Analyzing significance and effect sizes across all configuration metrics.

In [None]:
significant_results = []

for config_name, metrics_data in rq2_results.items():
    sci_result = metrics_data.get('sci_score', {})
    if sci_result.get('significant', False) and not sci_result.get('error'):
        significant_results.append({
            'Configuration': config_name,
            'SCI_Mean': sci_result['config_mean'],
            'SCI_Std': sci_result['config_std'],
            'Improvement_%': sci_result['improvement_pct'],
            'P_Value': sci_result['p_value'],
            'Effect_Size': sci_result['effect_size'],
            'Test_Type': sci_result['test_type'],
            'Sample_Size': sci_result['config_n']
        })

significant_df = pd.DataFrame(significant_results)
if not significant_df.empty:
    significant_df = significant_df.sort_values('Improvement_%', ascending=False)
    significant_df.to_csv(results_dir / 'rq2_significant_configurations.csv', index=False)
    
    print("Significant SCI Improvements vs Baseline:")
    print(significant_df[['Configuration', 'Improvement_%', 'P_Value']].to_string(index=False))
else:
    print("No statistically significant SCI improvements found")
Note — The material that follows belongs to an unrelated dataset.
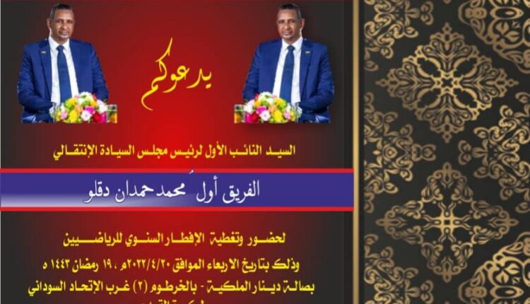 قدم النائب الاول لرئيس مجلس السيادة، الفريق اول محمد حمدان دقلو (حميدتي) رقاع الدعوة لعدد كبير من الرياضيين على مائدة الافطار السنوي بصالة دينار الملكية بالخرطوم، غرب مباني الاتحاد السوداني لكرة القدم، وذلك يوم الاربعاء 20 ابريل الموافق 19 رمضان، هذا وقد شملت الدعوة لفيف من الرياضيين على رأسهم قادة الرياضة في الوزارتين الاتحادية والولائية واللجنة الاولمبية والاتحاد العام والمحلي والاندية المختلفة وقطاع الشباب والناشئين والاعلاميين والصحفيين ورموز الحركة الرياضية والحكام والمدربين.. يحتوي برنامج الافطار على فقرات مختلفة وستكون الفقرة الرئيسية، مخاطبة السيد النائب الاول لرئيس مجلس السيادة الذي سيزف العديد من البشريات للوسط الرياضي.

## SCI Distribution Analysis by Configuration

Visualizing the distribution of SCI scores across different configurations using violin plots to show central tendency and distribution shape.

In [None]:
plot_data = []

for _, row in baseline_data.iterrows():
    plot_data.append({
        'SCI_Score': row['sci_score'],
        'Configuration': 'Baseline',
        'Experiment': 'P1_E1'
    })

for exp_id in ['P2_E1', 'P2_E2', 'P2_E3', 'P2_E4', 'P2_E5']:
    if exp_id in experiment_data:
        exp_data = experiment_data[exp_id]
        factor_col = experiments[exp_id].get('factor')
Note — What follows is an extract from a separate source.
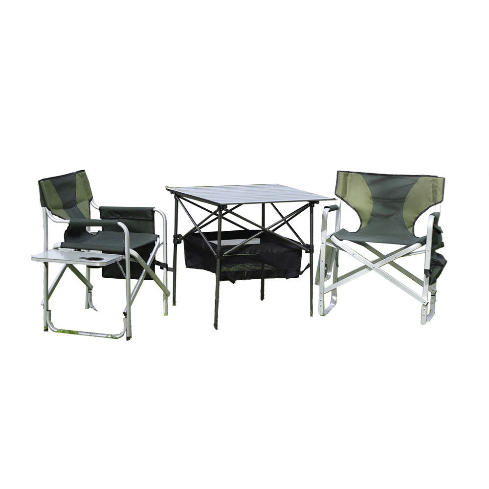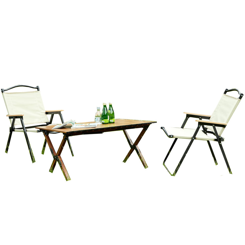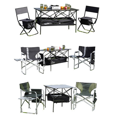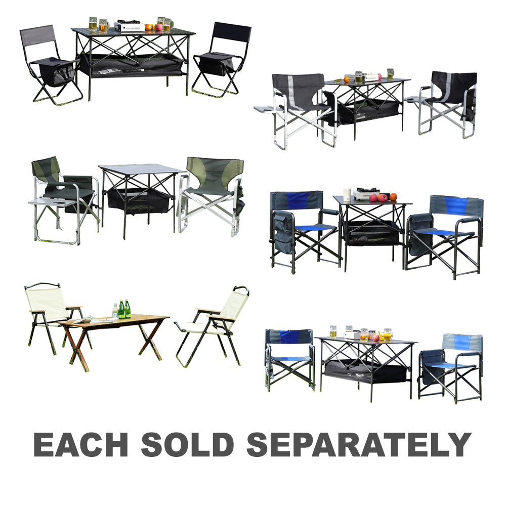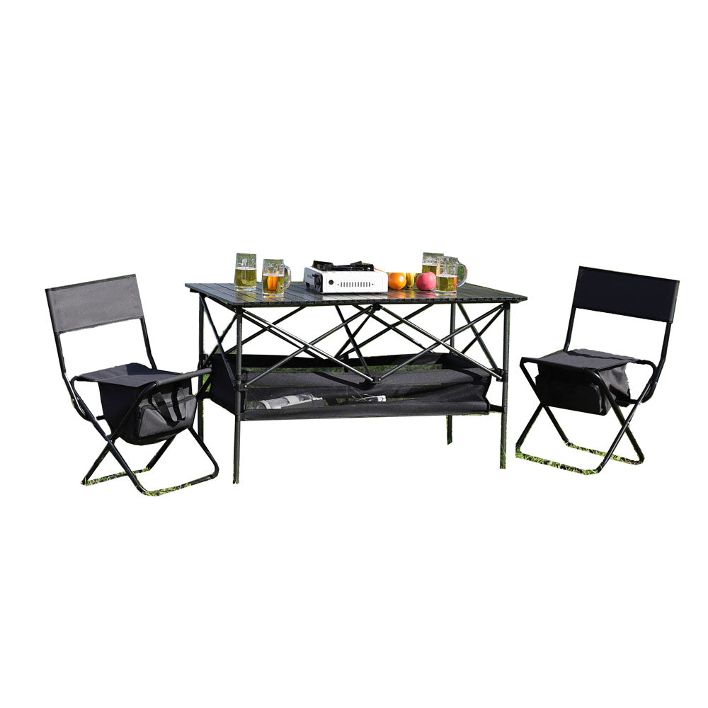 The portable chair and table set are a great choice for anyone looking for a comfortable and sturdy chair for indoor, and outdoor activities such as camping, picnics, and fishing.The convenient storage bag underneath the chair-top is a unique feature that makes it easy to store small items such as garden tools, toys, and mobile phones.It has anti-slip feet that are a useful addition to prevent the chair from sliding or tipping over, which could be important for individuals with balance or mobility concerns.The camping chair and table set is made of high-quality steel pipe, making it lightweight and easy to carry, while also providing excellent support for up to 280lbs.The chair's fabric is made of durable materials that can withstand the elements, ensuring that it will last for many outdoor activities to come.No installation is required. The chairs and table can be easily folded down, making it easy to transport to and from your destination.

        if factor_col and factor_col in exp_data.columns:
            for _, row in exp_data.iterrows():
                plot_data.append({
                    'SCI_Score': row['sci_score'],
                    'Configuration': row[factor_col],
                    'Experiment': exp_id
                })

if 'P3_E1' in experiment_data:
    for _, row in experiment_data['P3_E1'].iterrows():
        plot_data.append({
            'SCI_Score': row['sci_score'],
            'Configuration': 'Carbon-Optimized',
            'Experiment': 'P3_E1'
        })

plot_df = pd.DataFrame(plot_data)

fig, ax = plt.subplots(figsize=(16, 10))

experiment_order = ['P1_E1', 'P2_E1', 'P2_E2', 'P2_E3', 'P2_E4', 'P2_E5', 'P3_E1']
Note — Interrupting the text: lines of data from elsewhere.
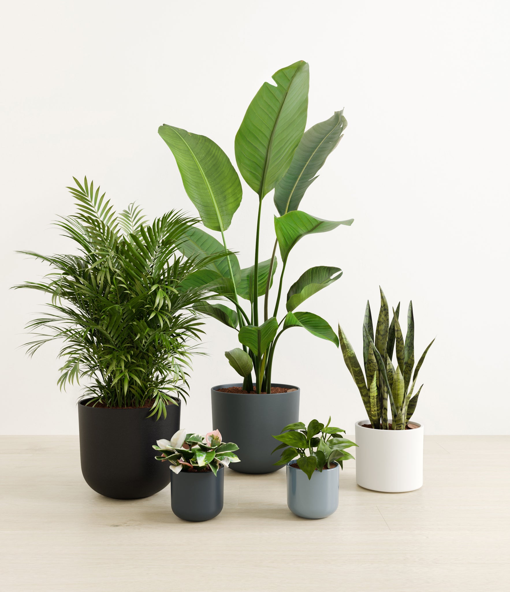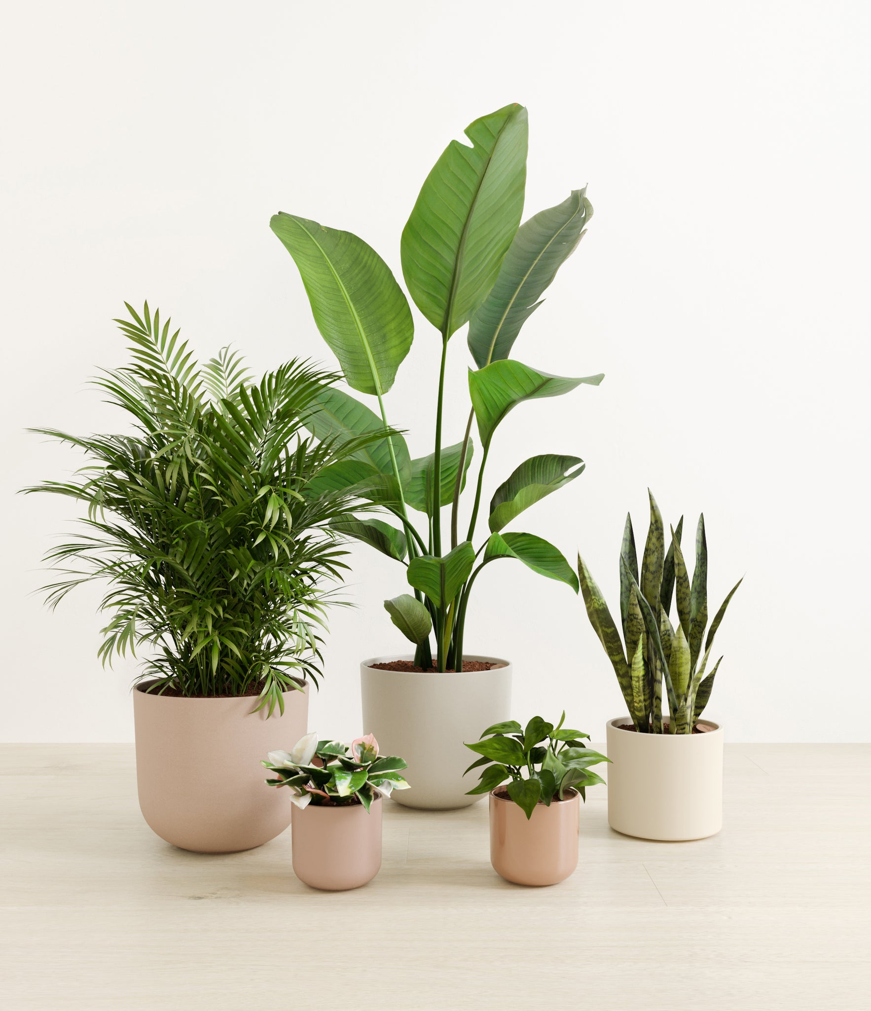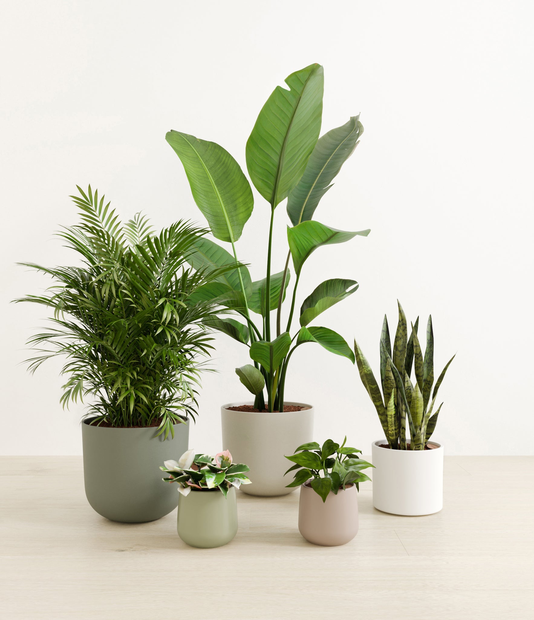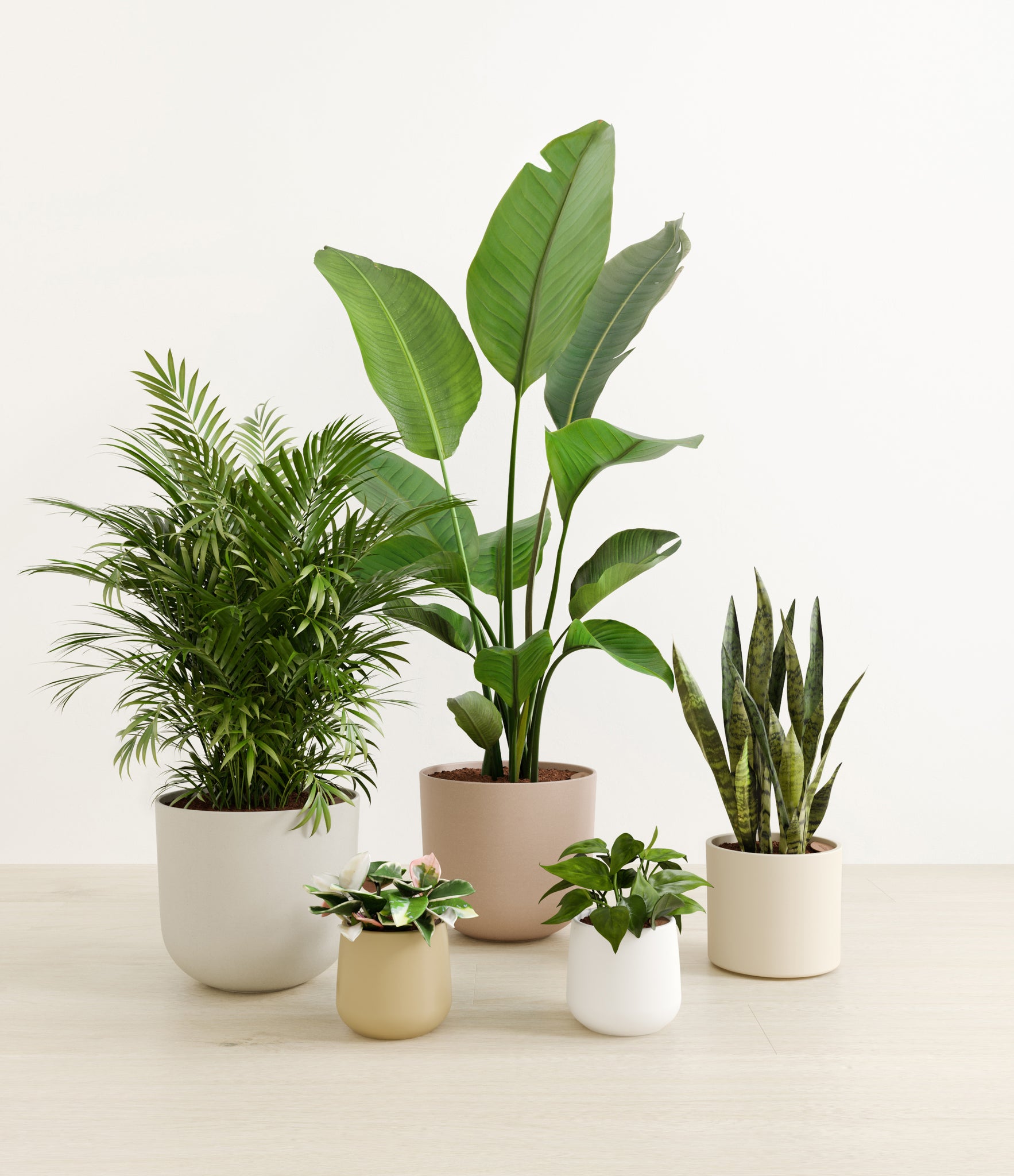 In this collection, you'll receive a carefully curated set of five unique houseplants that instantly make any space more lively and festive. The assortment includes a small Hoya Tri-Color, wearing variegations of pink and white on waxy, forest green leaves; a small Heartleaf Philodendron - one of the hardiest and most beautiful plants – with glossy, vibrant heart-shaped foliage; a medium Green Snake Plant with mesmerizing swatches of silver and sage; a large Parlor Palm, known as the traditional centerpiece of the most impressive room in the house; and a huge White Bird of Paradise that playfully hangs like birds in flight.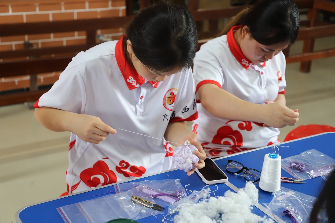 图为团队成员在靖西市壮锦厂体验绣球制作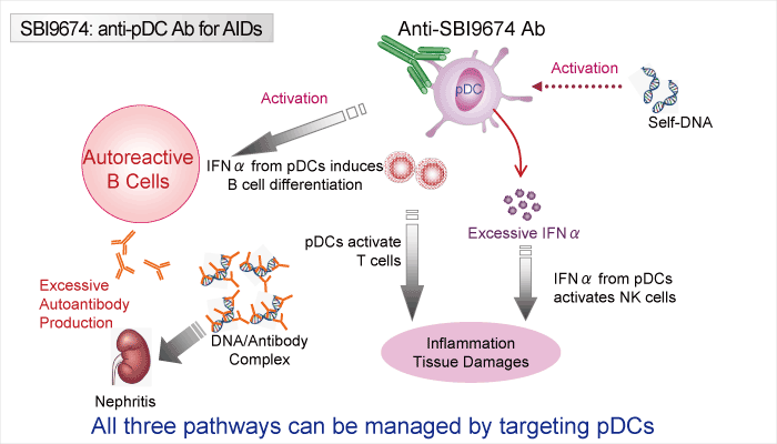 SBI-9674 are antibody drug candidates for autoimmune diseases, especially aiming for the treatment such as SLE (Systemic Lupus Erythematosus).

config_to_experiment = plot_df.set_index('Configuration')['Experiment'].to_dict()

unique_configs = plot_df['Configuration'].unique()
config_order = sorted(unique_configs, key=lambda c: experiment_order.index(config_to_experiment[c]))

experiment_palette = sns.color_palette('tab10', len(experiment_order))
experiment_color_map = dict(zip(experiment_order, experiment_palette))

violin_plot = sns.violinplot(
    data=plot_df,
    x='Configuration',
    y='SCI_Score',
    order=config_order,
    inner='box',
    ax=ax
)

ax.set_xticklabels(config_order, rotation=45)
ax.set_xlabel('Configuration', fontsize=14)
ax.set_ylabel('SCI Score (gCO₂e/scenario)', fontsize=14)

ax.axhline(y=baseline_sci_mean, color='red', linestyle='--', alpha=0.7,
           label=f'Baseline Mean: {baseline_sci_mean:.3f}')

for i, config in enumerate(config_order):
    experiment = config_to_experiment[config]
    color = experiment_color_map[experiment]
    violin_plot.collections[i * 2].set_facecolor(color)

legend_patches = [mpatches.Patch(color=color, label=exp) for exp, color in experiment_color_map.items()]
ax.legend(handles=legend_patches, title='Experiment', bbox_to_anchor=(1.01, 1), loc='upper left')

plt.tight_layout()
plt.savefig(figures_dir / 'sci_distribution_by_configuration.png')
plt.show()

print(f"Violin plot saved to {figures_dir / 'sci_distribution_by_configuration.png'}")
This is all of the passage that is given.